Flink执行计划第四层——ExecutionGraph
前情回顾:
一、LocalStreamEnvironment::execute
《入门Flink的第一个程序——WordCount》 真正意义上开始是从这里:
env.execute("Java WordCount from SocketTextStream Example");
远程模式和本地模式有一点不同,我们先按本地模式来调试。 我们跟进源码,(在本地调试模式下)会启动一个miniCluster,然后开始执行代码:
@Override
public JobExecutionResult execute(String jobName) throws Exception {
(省略...)
MiniCluster miniCluster = new MiniCluster(cfg);
try {
miniCluster.start();
configuration.setInteger(RestOptions.PORT, miniCluster.getRestAddress().get().getPort());
// 提交任务到 JobMaster
return miniCluster.executeJobBlocking(jobGraph);
}
finally {
transformations.clear();
miniCluster.close();
}
}
1.1 MiniCluster::executeJobBlocking
miniCluster.start()
执行完之后,用户定义的函数并未被执行,而 miniCluster.executeJobBlocking(jobGraph)
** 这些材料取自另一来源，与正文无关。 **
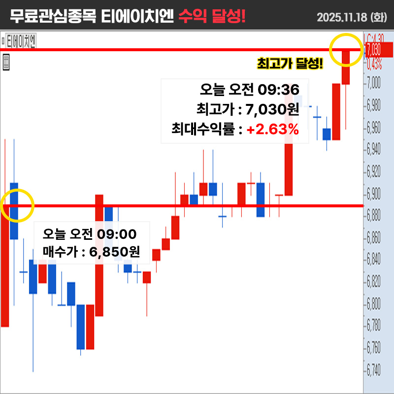 관심 매수가 6,850원 제시해 드렸고 관심 매수가 대비 +2.63% 상승했습니다.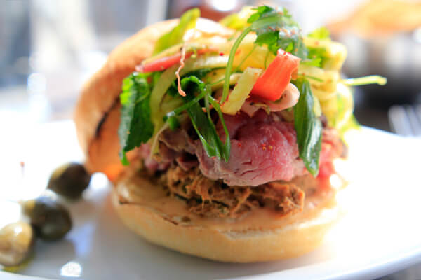 This sandwich makes us want to cry, and not because we cry easily, but because it is so completely what we want and need in our food. Served on a warm, soft roll, this sandwich features two kinds of vibrantly spiced lamb (rillettes and shredded, roasted leg of lamb), pickled vegetables, and shishito peppers (which, they’re the best kind of peppers…eat them whenever you get the chance). As rich and sort of beautifully gamy as the lamb is, the herbs and pickles give it a brighter flavor profile than a lamb sandwich usually has. Eat this sandwich. Eat them all. Enjoy.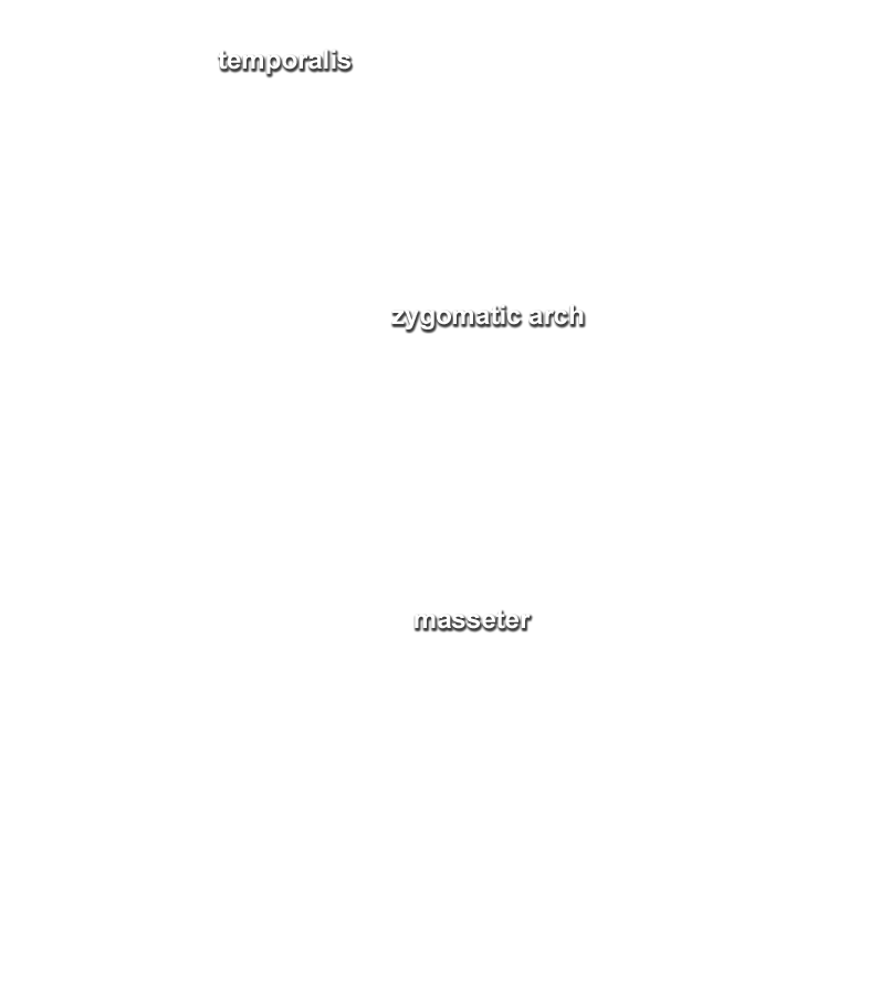 - (ON BOTH SIDES) Reflect the zygomatic arch and masseter muscle in the inferior direction towards the angle of the mandible. (G 7.41B;N 54; Gl 34.23) Leave the masseter attached to the angle of the mandible. As you reflect the masseter muscle, attempt to identify the masseteric nerve and artery near the mandibular notch.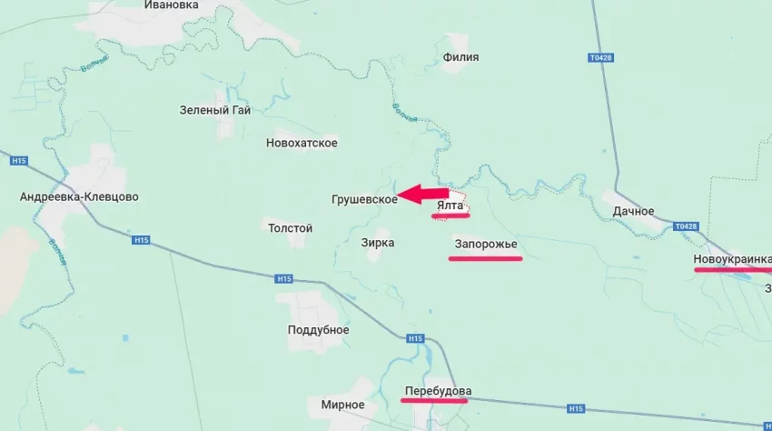 Пока же российская армия после освобождения Ялты на западе ДНР продолжает продвижение в сторону населённых пунктов Грушевское и Звезда (Зирка), что севернее дороги Н15 на Запорожье.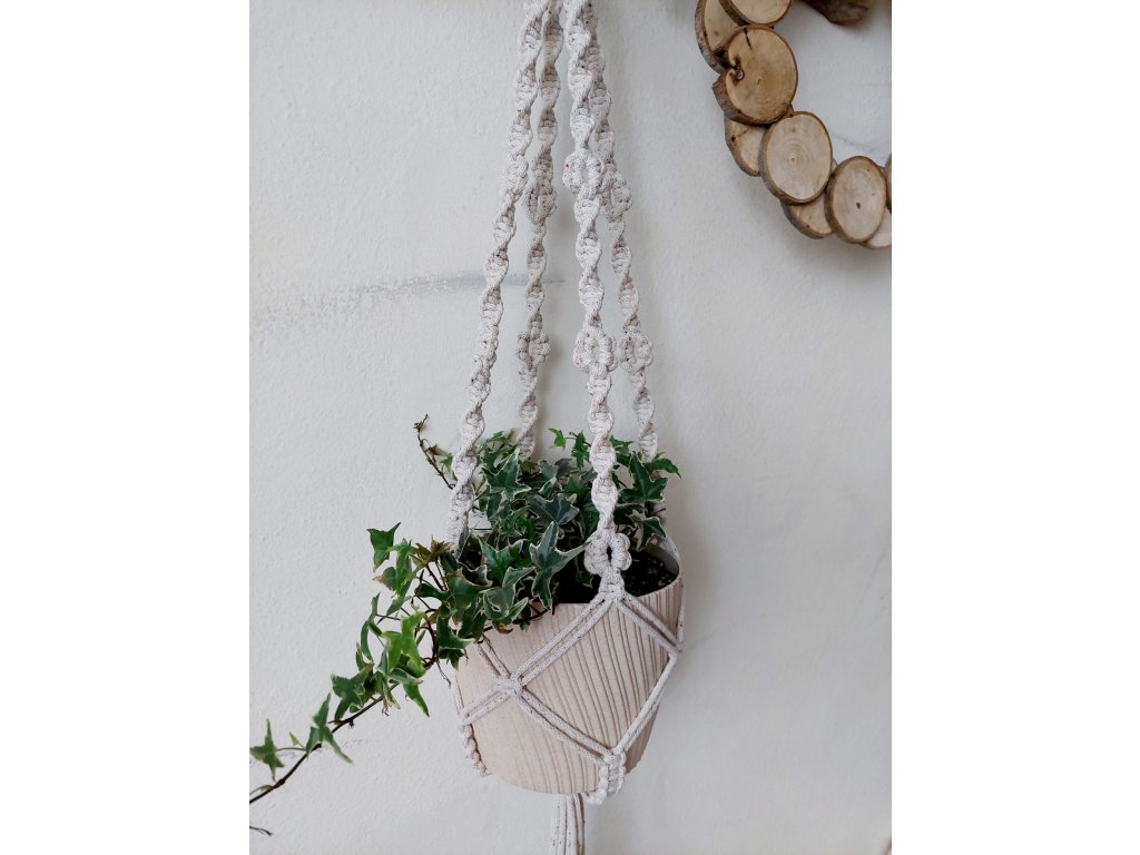 Minimalistický macramé závěs na květináč je univerzální dekorací, která díky své jednoduchosti a přírodnímu materiálu zapadne do jakéhokoli interiéru. Ručně tvořený z kvalitních recyklovaných bavlněných šňůr o tloušťce 5 mm poskytuje dostatečnou pevnost i stabilitu pro větší průměry květináčů, ale krásně vynikne s jakoukoli velikostí. Závěs nemá přední ani zadní stranu a je plně pohledový ze všech úhlů, což jej dělá ideálním pro zavěšení do prostoru. Díky jednoduchému stylu dokáže okamžitě dodat interiéru novou energii a pozornost na rostliny, které v něm budou umístěny.
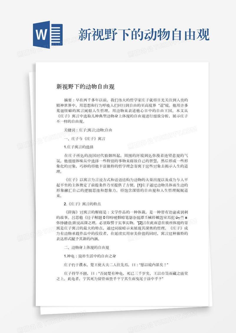 本作品为新视野下的动物自由观, 编号:417pyeqp31, 格式为 docx, 大小1 MB, 本作品下载后,先解压,解压之后用推荐软件 Word(2010) 打开, 然后进行编辑功能。
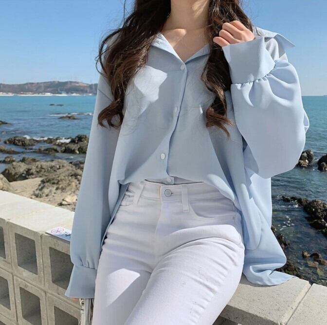 トップス シャツ 袖あり 長袖 襟付き 前開き 透け感 大人可愛い きれいめ シンプル カジュアル 大人 おしゃれ お洒落 大人女子 こなれ感 ラフ フォーマル とろみ感 抜け感 無地 春 夏 10代 20代 30代 40代 レディース 女性用 オフィス ビジネス OL 通勤 学生 通学 デート お出かけ 女子会 お泊まり 休日 アウトドア イベント 旅行 ショッピング 着回し 普段使い 重ね着 ファッション コーデ スタイル 定番 ブルー ベージュ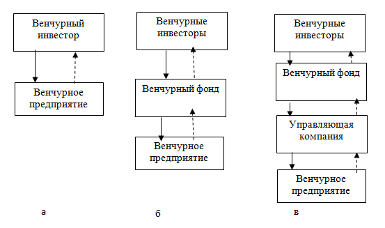 Рисунок 1 – Формы венчурного предпринимательства: а – венчурный проект; б – венчурное финансирование; в – венчурный бизнес [11]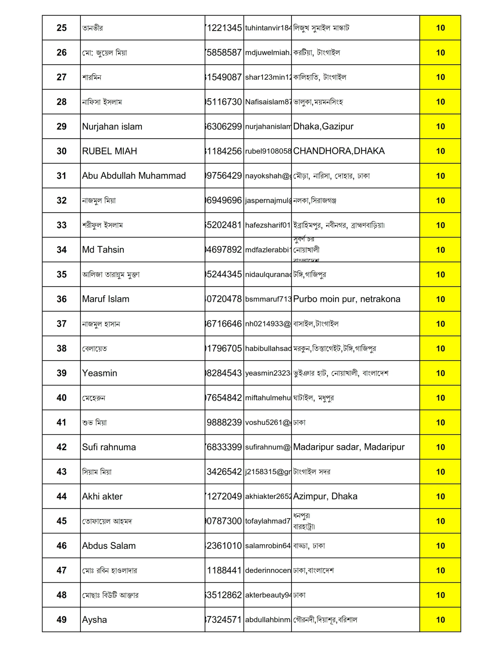 আজকের সম্ভাব্য বিজয়ীদের তালিকা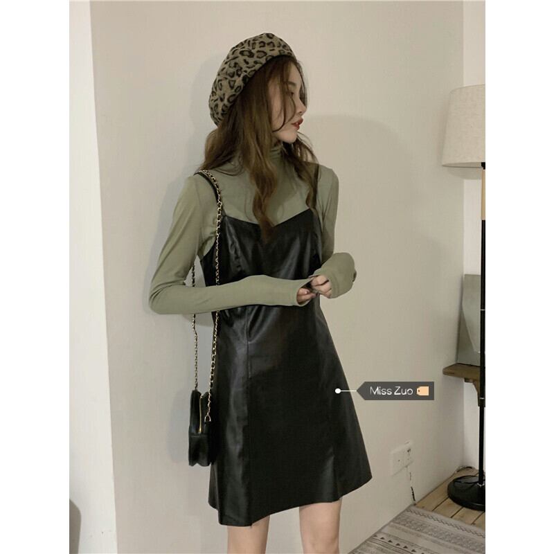 レザースカートサスペンダースカート女性秋 2023 新しい小さなサスペンダードレスデザインセンスニッチ気質ショートスカート オータム 秋物 8571695209250944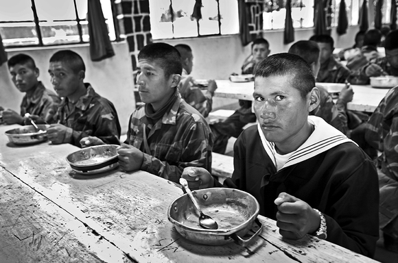 The young sailor at lunch in the canteen at the Bolivian Navy in San Pedro de Tiquina on Lake Titicaca.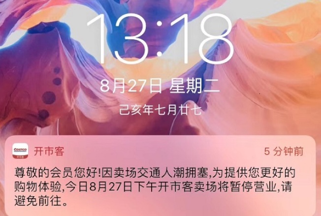 中国首家Costco今天在上海正式开业,上午8点半开门营业半天,人潮汹涌,下午1点紧急在进店门口、Costco APP弹出通知,下午暂停营业。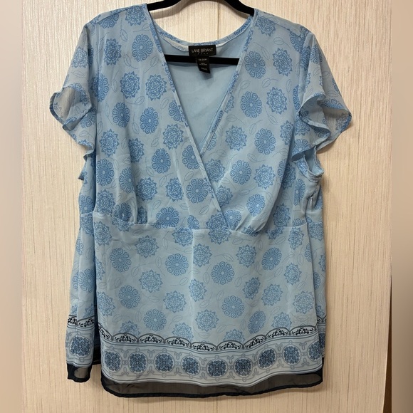 Trendy Lane Bryant Plus Size 2X Blue Boho Floral Print Empire Waist V-Neck Top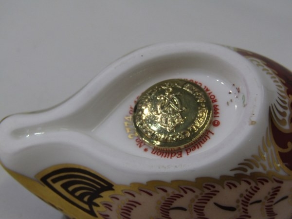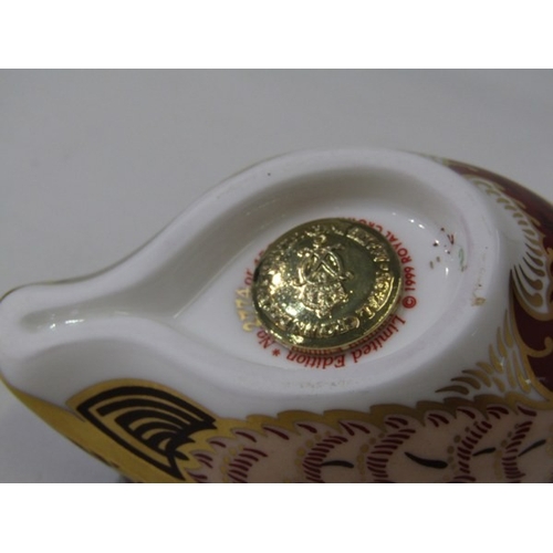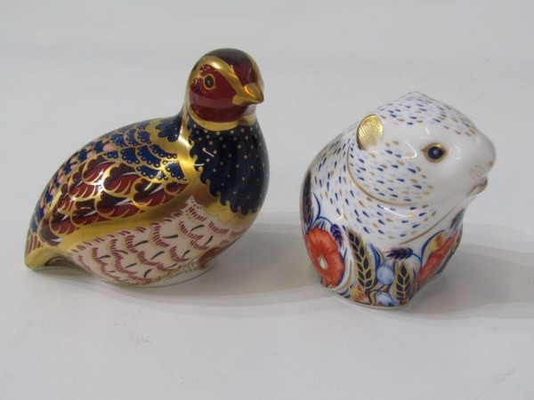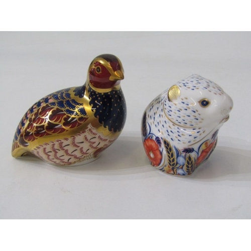 ROYAL CROWN DERBY, 2 Royal Crown Derby gold seal bottomed paperweights, 1 entitled 'Poppy Mouse' and another of a game bird

执行后,才执行了用户定义的函数。因此,跟踪executeJobBlocking
:
@Override
public JobExecutionResult executeJobBlocking(JobGraph job) throws JobExecutionException, InterruptedException {
checkNotNull(job, "job is null");
// 异步提交任务,获取一个Future对象
final CompletableFuture<JobSubmissionResult> submissionFuture = submitJob(job);
// 异步请求 JobResult
final CompletableFuture<JobResult> jobResultFuture = submissionFuture.thenCompose(
(JobSubmissionResult ignored) -> requestJobResult(job.getJobID()));
final JobResult jobResult;
try {
// 阻塞等待取得结果
jobResult = jobResultFuture.get();
} catch (ExecutionException e) {
throw new JobExecutionException(job.getJobID(), "Could not retrieve JobResult.", ExceptionUtils.stripExecutionException(e));
}
try {
// 处理执行结果
return jobResult.toJobExecutionResult(Thread.currentThread().getContextClassLoader());
} catch (IOException | ClassNotFoundException e) {
throw new JobExecutionException(job.getJobID(), e);
}
}
1.2 MiniCluster::submitJob
executeJobBlocking
最核心的部分就是 submitJob
,其他的都是用异步编程的常见写法来获取提交任务的最终结果。因此,跟踪 submitJob
:
public CompletableFuture<JobSubmissionResult> submitJob(JobGraph jobGraph) {
// 异步获取 Dispatcher组件对象
final CompletableFuture<DispatcherGateway> dispatcherGatewayFuture = getDispatcherGatewayFuture();
// we have to allow queued scheduling in Flip-6 mode because we need to request slots
// from the ResourceManager
jobGraph.setAllowQueuedScheduling(true);
// 异步获取Dispatcher组件中的BlobServer的监听地址
final CompletableFuture<InetSocketAddress> blobServerAddressFuture = createBlobServerAddress(dispatcherGatewayFuture);
// 异步上传任务的jar包
final CompletableFuture<Void> jarUploadFuture = uploadAndSetJobFiles(blobServerAddressFuture, jobGraph);
// 异步提交任务
final CompletableFuture<Acknowledge> acknowledgeCompletableFuture = jarUploadFuture
.thenCombine(
dispatcherGatewayFuture,
(Void ack, DispatcherGateway dispatcherGateway) -> dispatcherGateway.submitJob(jobGraph, rpcTimeout))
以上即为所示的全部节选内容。